I used WolframAlpha to calculate the eigenvectors of the matrix
$$ A= \begin{bmatrix} 1-a & 0 & (1-a)b & 0\\ a & 0 & ab & 0\\ 0 & 1-a & (1-a)(1-b) & (1-a)b\\ 0 & a & a(1-b) & 1-(1-a)b \end{bmatrix} $$
for $a=0.35, b=0.5$ with the command
a=0.35, b=0.5, eigenvectors(({{1 - a, 0, (1 - a) b, 0}, {a, 0, a b, 0}, {0, 1 - a, (1 - a) (1 - b), (1 - a) b }, {0, a, a (1 - b),1- (1- a)b}}))
It gives what I think is the correct result in the result section: $(0.513344, 0.276416, 0.552832, 0.595357)$ (the vector of which I'm interested) but in the eigenvalue section there's $\lambda_1 = -1.3033$ and not $1$ as I expected.

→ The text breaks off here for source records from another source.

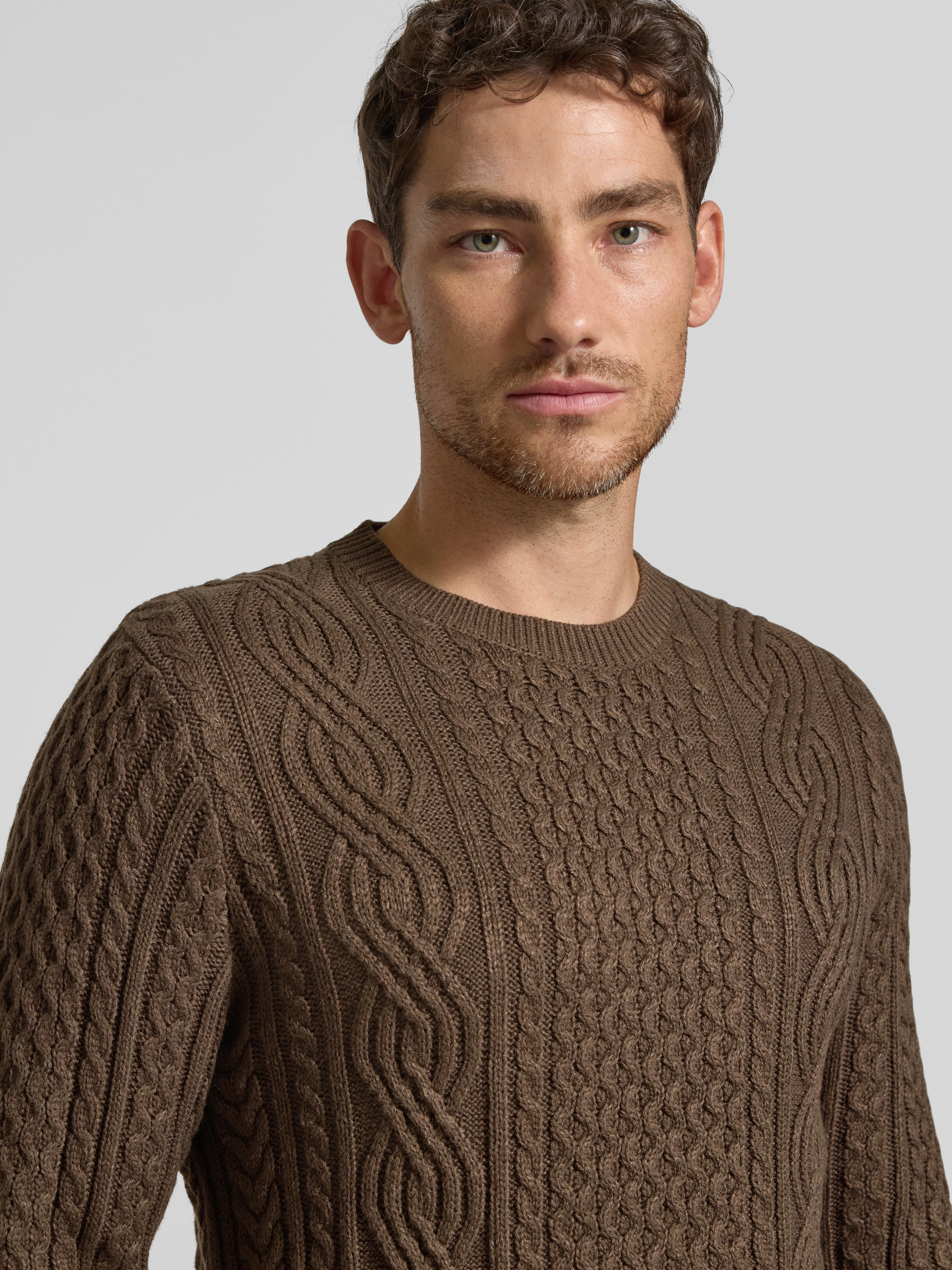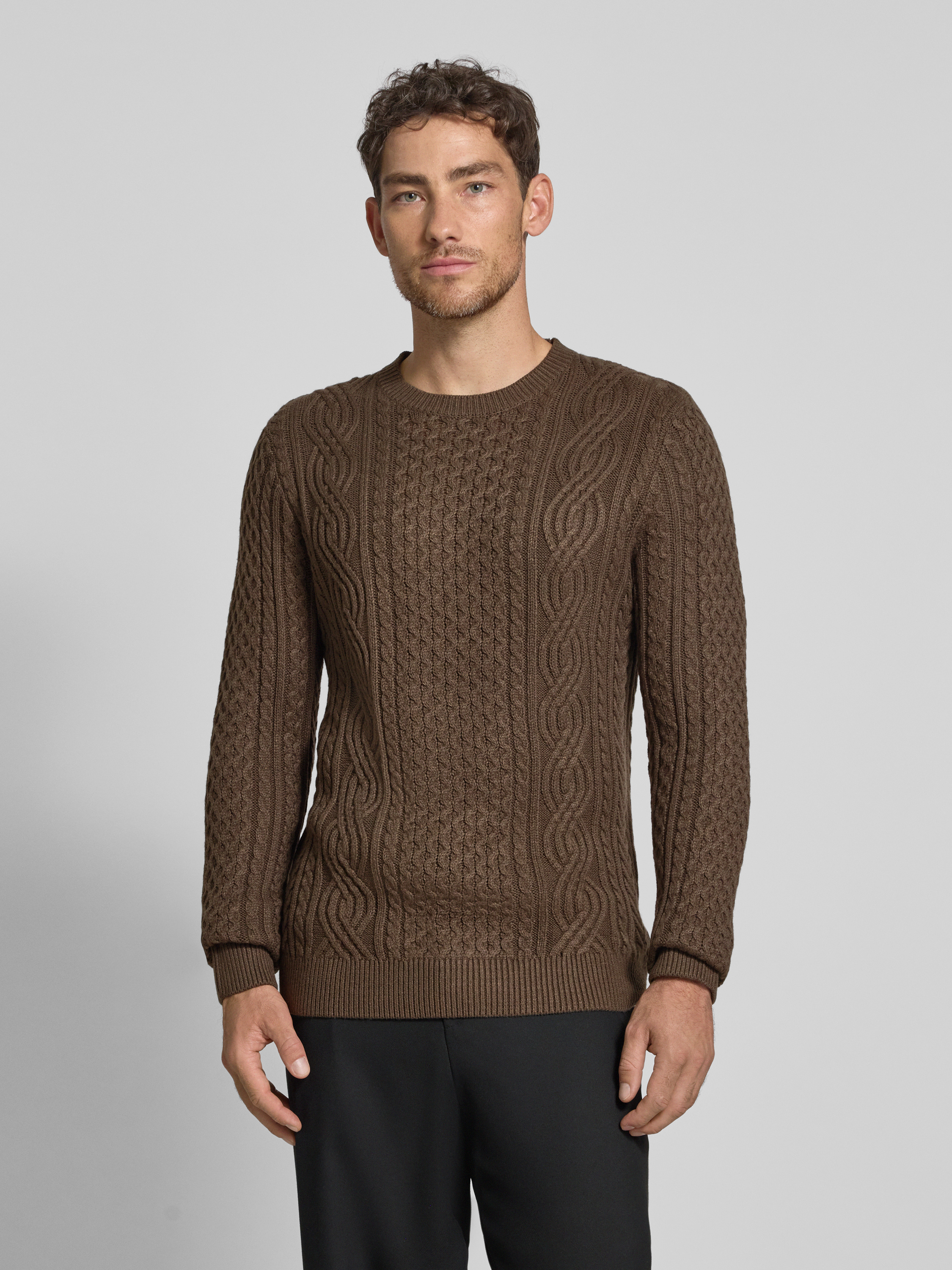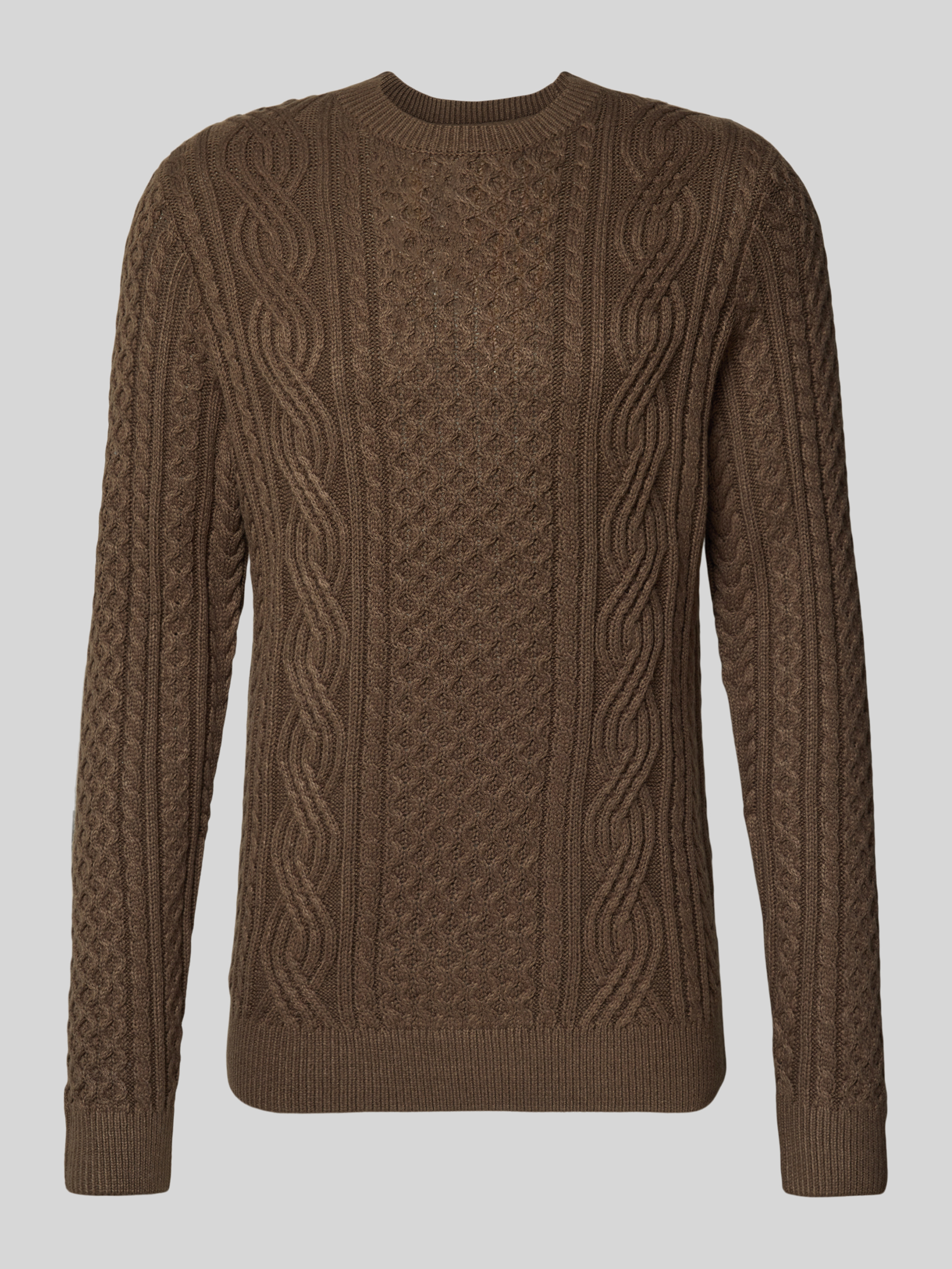 • Jack & Jones Premium Strickpullover mit gerippten Abschlüssen Modell 'BLUSEAN' Mittelbraun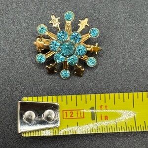 Vintage AZURE “SNOWFLAKE" Pin FROM 1949. GOLDTONE SETTING WITH AQUA (AZURE) RHINESTONES. ABOUT 1" IN DIAMETER. VERY GOOD CONDITION. NOT MARKED.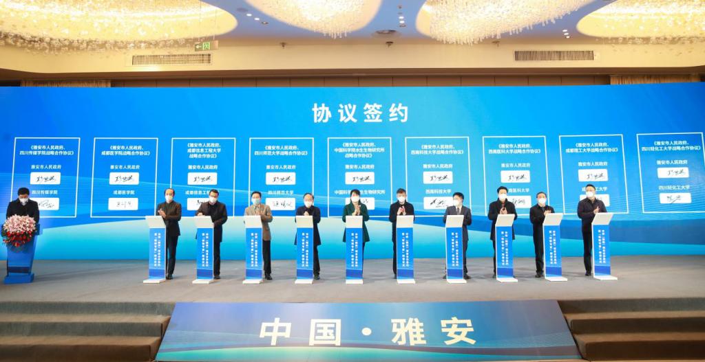 雅安市委副书记、市长彭映梅与9所市校(院所)签署了合作协议。马洪江代表九州(中国)和雅安市人民政府进行了签约。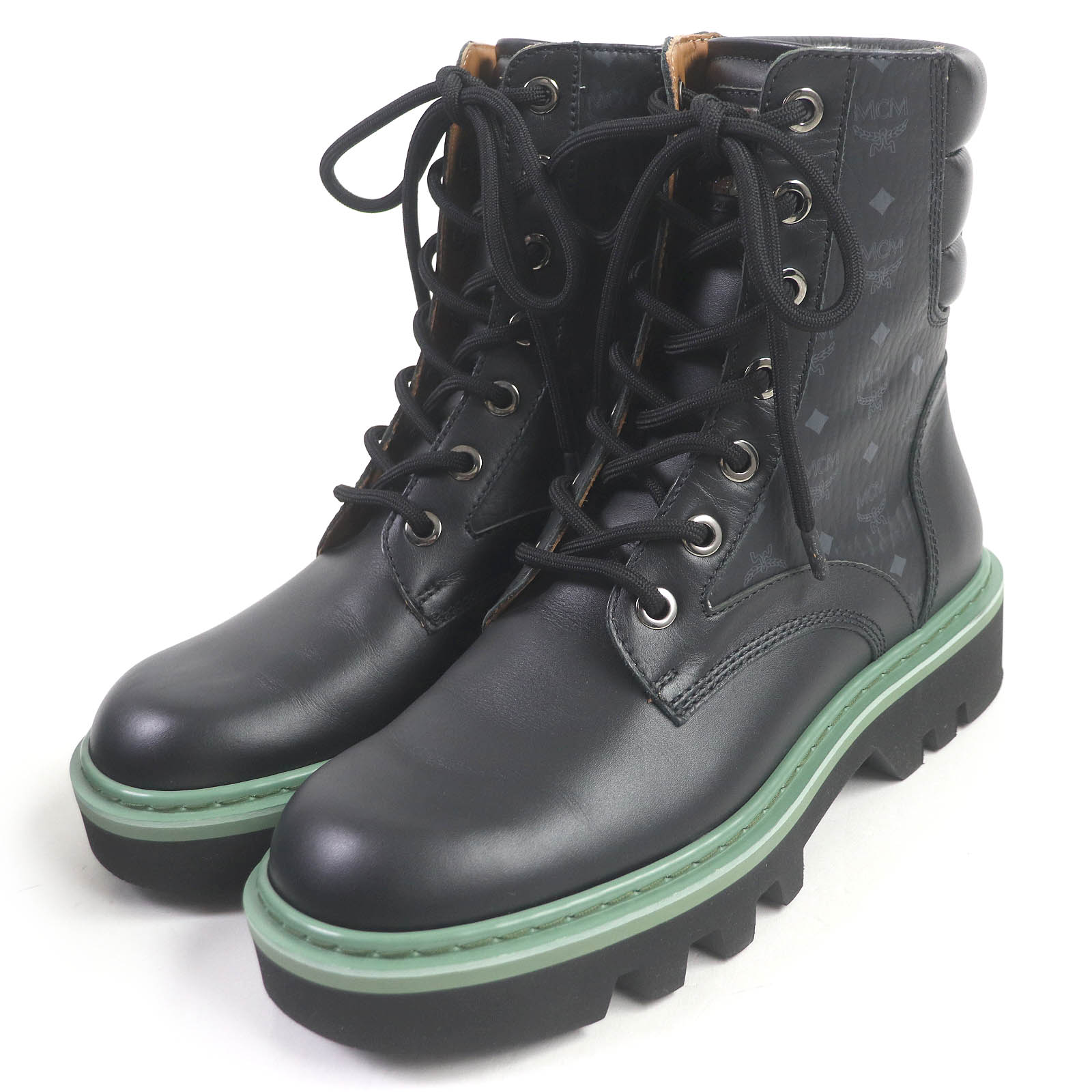 美品□MCM エム・シー・エム ヴィセトス カーフレザー アンクルブーツ コンバットブーツ ブラック 42 保存袋付き イタリア製 メンズ レディース 定価91,300円

Also, in the eigenvectors section, there isn't the vector given in the result (or its multiple), what's up with that?
Other software give the eigenvalue $1$ and the same eigenvector. Here's the matrix for input there if somebody wants to check
0.650 0.000 0.325 0.000
0.350 0.000 0.175 0.000
0.000 0.650 0.325 0.325
0.000 0.350 0.175 0.675
I have checked and double-checked and still get this weird output from Wolfram Alpha.
PS. If I change the command to eigenvalues, then it gives $1.$ and also other eigenvalues correctly (up to a precision). So clearly this is an error in WA.
This is too long for a comment.
When we look at the characteristic polynomial given by Wolfram Alpha when asking for the eigenvectors (entering $a=\frac 7 {20}$ and $b=\frac 12$), it is reported to be $$\lambda^4+\frac{9}{2} \sqrt{\frac{13}{7}} \lambda^3+\frac{1355 }{588}\lambda^3-\frac{1501}{588} \sqrt{\frac{13}{7}} \lambda^2-\frac{845}{147}\lambda^2+\frac{319 }{196}\lambda-\frac{319 }{98}\sqrt{\frac{13}{7}}$$ the solutions of which being effectively $$\{ -9.43808, 1.15923, -0.0790194-0.631825 i, -0.0790194+0.631825 i\}$$ but they are not the same as those obtained when entering $a=0.35$ and $b=0.5$.
The characteristic polynomial should be $$\lambda ^4-\frac{33 }{20}\lambda ^3+\frac{559 }{800}\lambda ^2-\frac{39 }{800}\lambda$$ obtained from the general case and replacing $a$ and $b$ by their rational values; the solutions of this last polynomial being $$\left\{ 0, 1, \frac{13-\sqrt{91}}{40} , \frac{13+\sqrt{91}}{40} \right\}$$ More than strange, for sure.